Triple Olympic medallist and British track legend Katie Archibald announces retirement
The 32-year-old Scot amassed 51 levels at world, Olympic, European and Commonwealth level across her career and retires as one of Britain’s cycling legends
Triple Olympic medallist Katie Archibald has announced her retirement from track cycling. Over the course of a 13-year-career the Scot amassed a huge haul of 51 medals at world, Olympic, European and Commonwealth level, including two Olympic, seven world and 21 European titles - the latter an all-time record - to make her one of Great Britain’s most decorated track cyclists. She took up the sport relatively late but was talent-spotted by the Great Britain Cycling Team and brought onto the elite women’s track endurance squad as a 19-year-old in 2013, before going on to spearhead a golden age in British track racing.

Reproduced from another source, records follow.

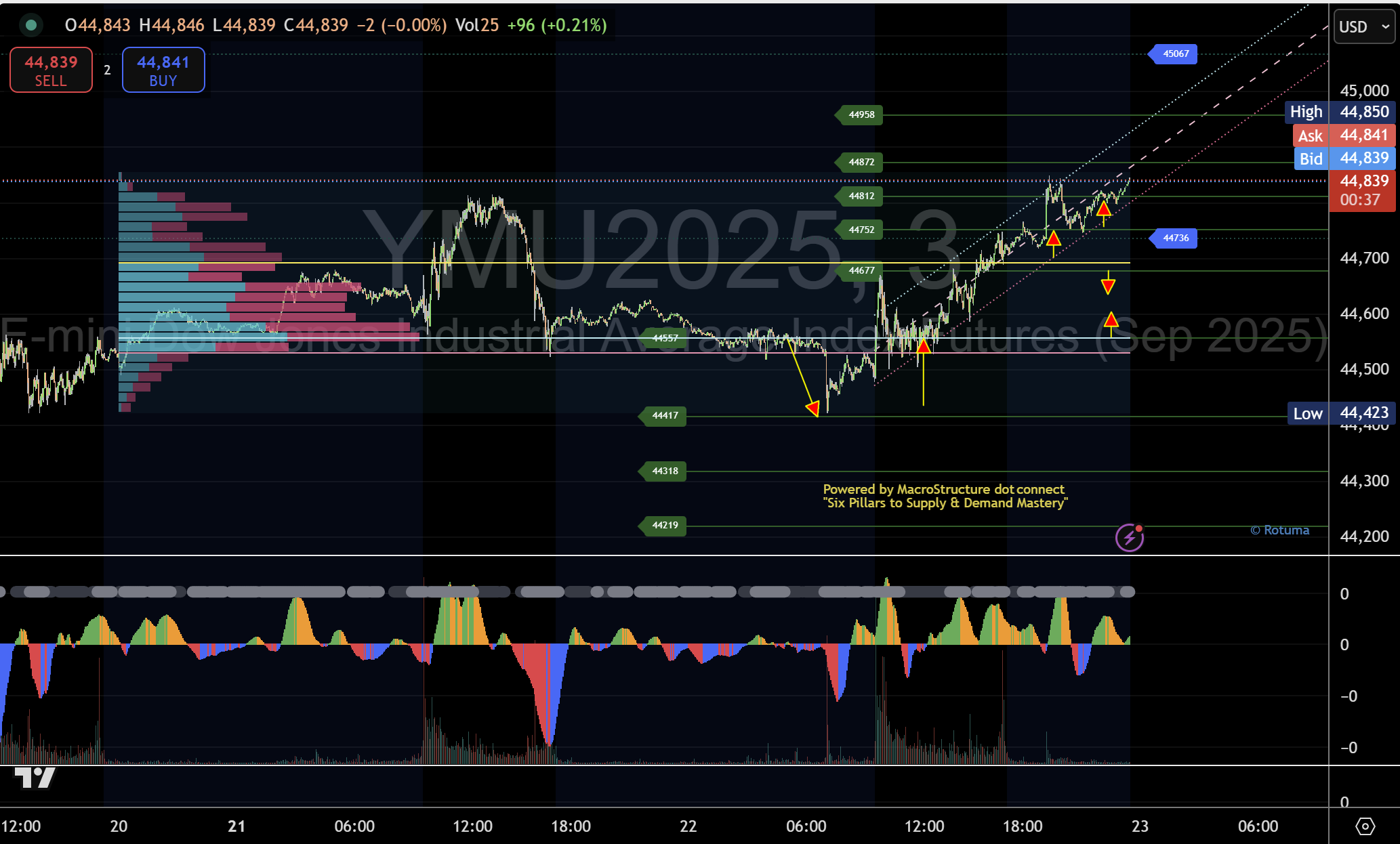 Tuesday's pullback and rebound: YM1: Sep '25 Dow futures dipped from 44,557 but held just above the micro‑5 lower range at 44,417, reaffirming support and preventing a deeper sell‑off.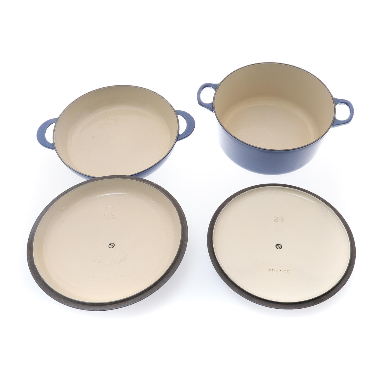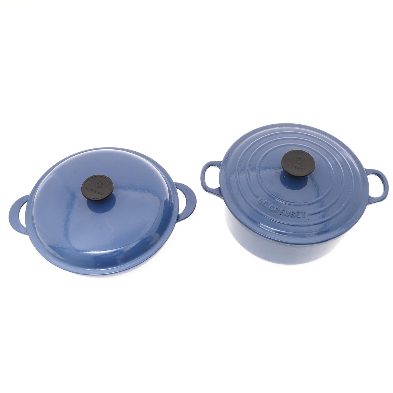 Det stegade locket med svart plasthandtag, 26 cm diameter x 11 cm högt, och en liknande Le Creuset grund gryta, 27 cm diameter x 6,5 cm hög.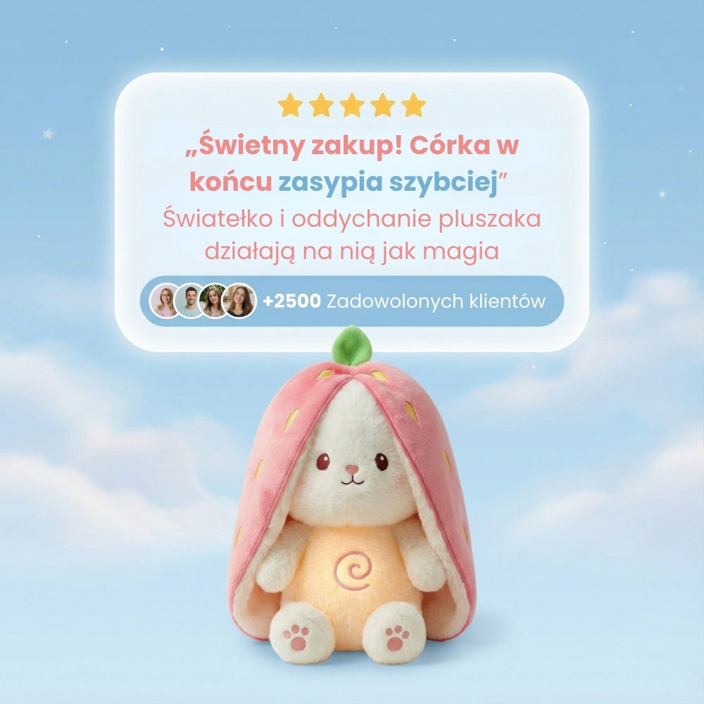 Oddychający Miś Truskawka to miękki, otulający pluszak stworzony do wyciszenia i relaksu. Jego delikatne „oddychanie”, ciepłe światło oraz spokojne dźwięki tworzą atmosferę, która pomaga uspokoić się po długim dniu i łatwiej zasnąć. Daje poczucie ciepła, komfortu i bezpieczeństwa. Idealny do wieczornego odpoczynku, relaksu na kanapie i spokojnego snu.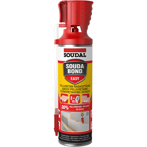 A Soudabond EASY egy kiváló teljesítményű poliuretán ragasztóhab. Gyorsan, könnyen használható, használatra kész, helyettesíti a hagyományos poralapú ragasztókat. Ez a készítmény kombinálja az erős tapadást a réskitöltő sajátosságokkal, így alkalmas egyenetlen felületek ragasztására. Szinte minden építőanyag, például szigetelőlapok és gipszkarton ragasztására, valamint belső falak készítésére használható könnyű falazóelemekből. A Genius Gun® egy szabadalmaztatott, könnyű egykezes használatra tervezett fej. Visszazárható, ezzel lehetővé teszi, hogy a terméket az első használat után 6 héten belül újra lehessen használni.

She said: “The draw of the ‘real world’ has been pulling me for a while, but I’ve been too scared to leave the world I know and love and, ultimately, to let go of something I’m good at. It’s not a very clean answer, but now is the right time simply because I’m not scared anymore. “I can’t claim to know why that is, but for some reason I only have a craving to live the life I’ve been saving for a rainy day, and no fear that I’ll miss the sunshine.
It’s simply time. ” She also raced on the road, most recently for the WorldTour team Ceratizit-WNT, before stepping back in 2024. A passionate Scot, Archibald had previously been targeting the Commonwealth Games in Glasgow this year, having won bronze in the points race - her first senior solo medal - in 2014 and points race silver and individual pursuit gold in 2018.
She admitted that in the early years of her career she “fell in with a minority attitude within the Scottish cycling scene that nothing is more important than beating the English”, and her initial focus was entirely about getting to the Commonwealth Games. Happily for the wider British squad, that changed once she got to the National Cycling Centre: “I quickly learnt that what connects everyone in that building, from Cardiff to Belfast, is nothing more complicated than sport. Being part of the GBCT has meant being part of something bigger than myself, and it’s been a true honour to race my bike alongside the best in the country.